EXERCISE GOAL: Each line from the one containing "you are done." to the end of the material below is to be restated exactly, with pictures skipped.

RECORDED DATA:

[Start of Attachment]

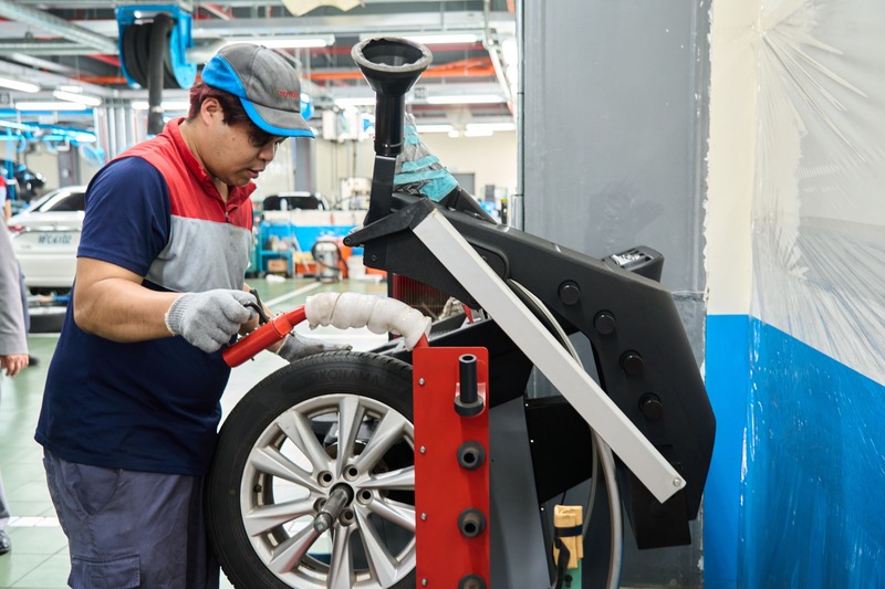 經銷商服務廠使用省力機具設備,降低員工作業時的身體負擔 (國都汽車 TOYOTA三重服務廠)
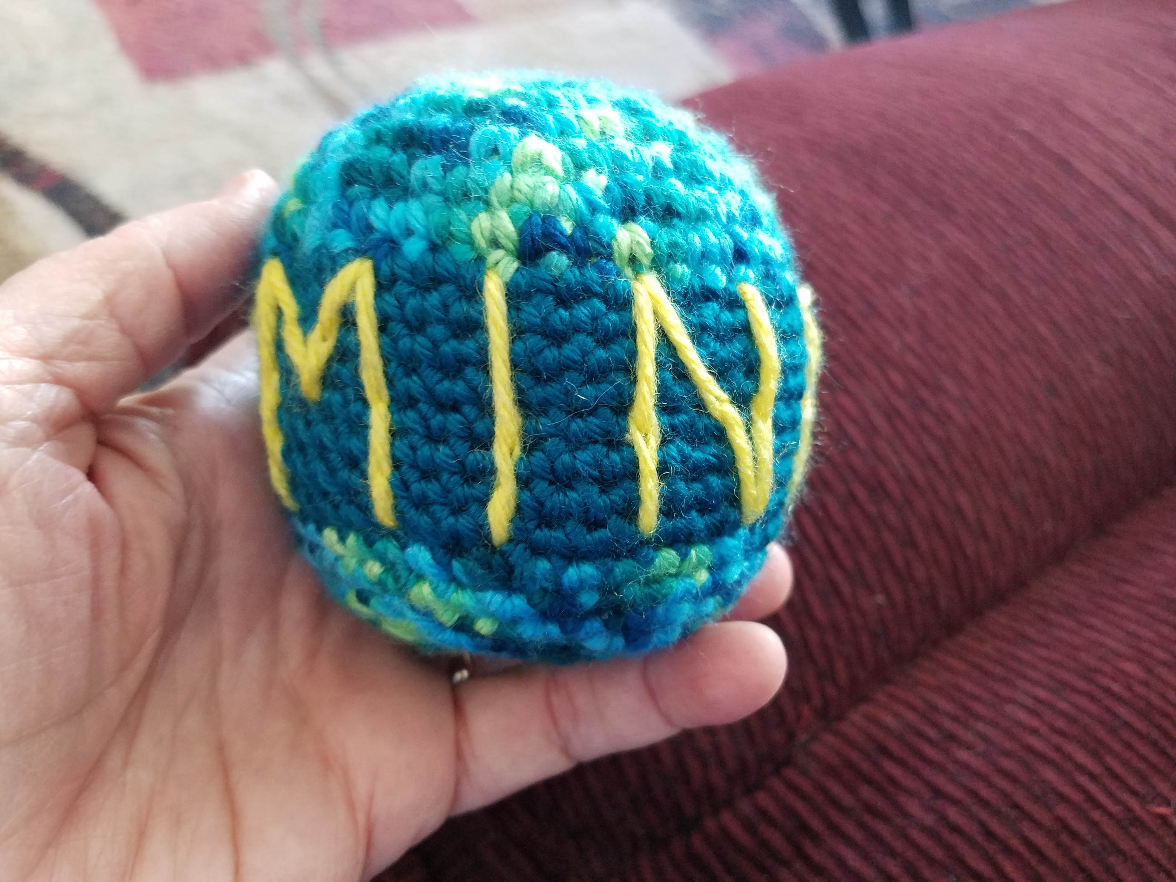 *If you want, embroider MINE on the ball at this point. It is easier to hide the ends when you are done.
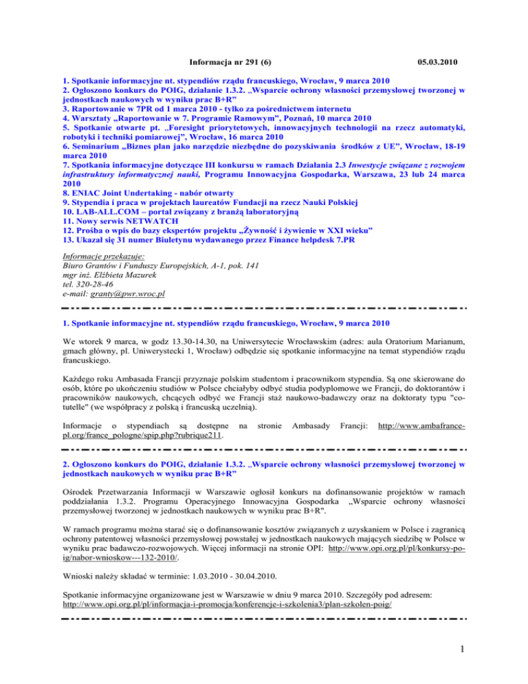 Informacja nr 291 (6) - Politechnika Wrocławska

[End of Attachment]

RESPONSE FOR THIS EXERCISE:
 *If you want, embroider MINE on the ball at this point. It is easier to hide the ends when you are done.
 Informacja nr 291 (6) - Politechnika Wrocławska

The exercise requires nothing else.